I’m writing in response to Linda Butler’s July 7 guest column (“How lucky we are to have CAPA”) in which she repeats a poker game rumor: city teachers fired to fund CAPA (Department of Climate Action and Project Administration). Later, the writer expresses distress about the spread of disinformation — “disinformation infecting local discussions of city services.”
There’s something disingenuous about using ridiculous poker game banter as the basis for an op-ed to justify the existence of CAPA and to take the “frustrated” community around the school budget to task for “spreading such stories.” If a city, our city, is thought of as a living organism, then city government, including all of its offices and advisory boards, is responsible for supporting “life” within the city. It is responsible for keeping the city — the infrastructure, sidewalks and streets, public schools, parks and conservation areas, the local businesses as well as the the community of people and our institutions — healthy.
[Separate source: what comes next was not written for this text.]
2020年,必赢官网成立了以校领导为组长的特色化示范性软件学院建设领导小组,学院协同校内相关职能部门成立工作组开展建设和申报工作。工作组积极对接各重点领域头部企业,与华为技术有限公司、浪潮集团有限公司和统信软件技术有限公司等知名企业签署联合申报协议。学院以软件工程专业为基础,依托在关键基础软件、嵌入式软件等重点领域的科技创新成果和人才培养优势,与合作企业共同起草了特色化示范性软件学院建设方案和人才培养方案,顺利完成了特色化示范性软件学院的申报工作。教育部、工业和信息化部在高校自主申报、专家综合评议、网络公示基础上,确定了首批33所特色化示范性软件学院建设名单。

In order to meet this huge responsibility, urban planners from Jane Jacobs to more modern practitioners urge city planners to focus on “real life” rather than top-down flash that might look good but does nothing to honestly sustain the city or contribute to its livability. What most people, are looking for in a place, is “… pretty mundane,” according to writer Nicholas Lemann, “… a neighborhood, a patch of ground, a measure of peace and security, a family, status, dignity.”
It isn’t clear why Mayor Gina-Louise Sciarra agreed to establish CAPA when we have a well-staffed planning and sustainability office whose mission is to: Identify and implement community vision for a sustainable and resilient future with a healthy and equitable economy and environment. It’s unsettling that after six months CAPA lost a highly experienced director who was the decade-long director of the Department of Energy and Sustainability in Greenfield. I don’t know her replacement, Benjamin Weil, or his qualifications aside from what the Gazette reported — that he taught courses on energy efficient buildings at UMass. But on the surface, his range of experience seems much less than his predecessor, and I’m wary of an appointment that highlights the candidate’s support for the mayor’s primary trophy project, Picture Main Street .
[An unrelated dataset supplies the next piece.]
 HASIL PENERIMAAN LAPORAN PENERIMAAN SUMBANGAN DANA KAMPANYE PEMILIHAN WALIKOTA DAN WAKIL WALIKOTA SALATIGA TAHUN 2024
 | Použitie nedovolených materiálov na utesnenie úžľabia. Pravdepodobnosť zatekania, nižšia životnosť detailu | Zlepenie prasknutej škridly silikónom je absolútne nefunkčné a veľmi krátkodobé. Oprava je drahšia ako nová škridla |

All this said, let’s get the city back to fulfilling the very basics, and there are many that need serious attention. In light of that, do we really need CAPA? Isn’t or shouldn’t it be the job of every department and board in the city, and of every concerned citizen and organization to be concerned about the changing climate, to take it into consideration and take action in whatever work they do? Let’s create a budget for “real life.” Let’s take care of the basics.
Claudia Lefko lives in Northampton.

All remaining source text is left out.